A South Korean health worker from a community health centre wearing mask as a precaution against MERS (Middle East Respiratory Syndrome) virus checks an examinee’s temperature at a test site for the civil service examination in Seoul, South Korea, on Saturday (AP photo)

SEOUL — The World Health Organisation (WHO) said on Saturday it would hold an emergency meeting on Tuesday to consider South Korea's outbreak of Middle East Respiratory Syndrome (MERS), which it described as "large and complex".

The UN health agency said more cases should be anticipated, but that the disease was confined to hospitals, with no sign it was spreading in the community.

There was also no indication that the MERS virus in South Korea had changed to become more transmissible, the WHO's assistant director general, Keiji Fukuda, told a news conference at the Health Ministry in Sejong, south of the capital, Seoul.

The virus has infected 138 people in South Korea and killed 14 of them since it was first diagnosed on May 20 in a businessman who had returned from a trip to the Middle East.

The 12 new cases reported on Saturday included an ambulance driver who transported an infected person.

The meeting on Tuesday of the MERS emergency committee, which comprises international health experts from WHO member states, will provide technical updates on epidemiology and provide advice on future actions to be taken in response to the outbreak, the WHO said.

Less than optimal

The outbreak is the largest outside Saudi Arabia, where the disease was first identified in humans in 2012, and has stirred fears in Asia of a repeat of a 2002-2003 scare when Severe Acute Respiratory Syndrome (SARS) killed about 800 people worldwide.

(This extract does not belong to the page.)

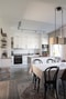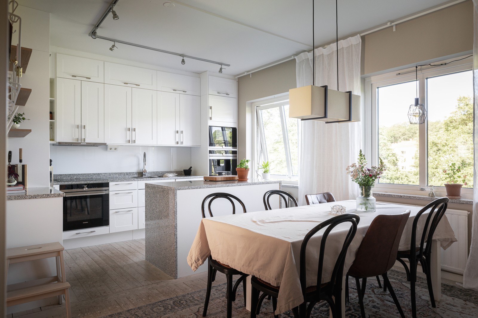 Vidare från hallen möts ni av det socialt planerade köket. Köket är smakfullt renoverat med vita köksluckor med massor av förvaring och luckorna matchas fint ihop med en stenskiva. Samma stenskiva finner ni på köksön som även följer ner mot golvet, en snygg touch som ger en exklusiv och unik utformning. Stenskivan matchas utmärkt med fönsterbänk i sten. Köksön ger gott om arbetsyta för matlagning och är den naturliga avskiljaren mellan köksdelen och placering av middagsbordet. En alldeles perfekt plats för större matbord. Här flödar ljuset in otroligt fint från två stora fönsterparti och utanför finns enbart härlig grönska att blicka ut mot. I köket finns även ett skafferi / garderob. Den maskinella utrustningen består av induktionshäll, kyl/frys, ugn, micro, fläkt samt diskmaskin.

MERS is caused by a coronavirus from the same family as the one that caused SARS. It is more deadly than SARS but does not spread as easily, at least for now. There is no cure or vaccine.

"Because the outbreak has been large and is complex, more cases should be anticipated," said Fukuda, who is leading a WHO team conducting a joint review with South Korean officials of the country's response to the outbreak.

He said he was encouraged that South Korea's control measures were having an impact.

The businessman who brought MERS back to South Korea visited several health centres for a cough and fever before he was diagnosed, leaving a trail of infection in his wake.

Fukuda cited crowded emergency units and wards, together with the custom of friends and family visiting patients as aggravating a less than optimal initial response to an unfamiliar infection.

A tendency for sick people to visit more than one health facility, as the business man did, was also likely to have been a factor, he said.

"The practice of seeking care at many different medical facilities, so-called 'doctor shopping', may have been a contributing factor," he said.

But so far, all of South Korea's cases have been linked to health facilities.

"At present, the mission has found no evidence to indicate there is an ongoing transmission in the community," Fukuda said.

Authorities have sealed off at least two hospitals and about 4,000 people are in quarantine, either at home or in medical facilities.

Experts predict more cases will emerge until the incubation period, which is believed to be up to two weeks for everyone exposed to an infected person, is over.

 

A 67-year-old woman became the 14th person to die in the outbreak, according to the health ministry. All of those who have died have been elderly or people suffering from existing ailments.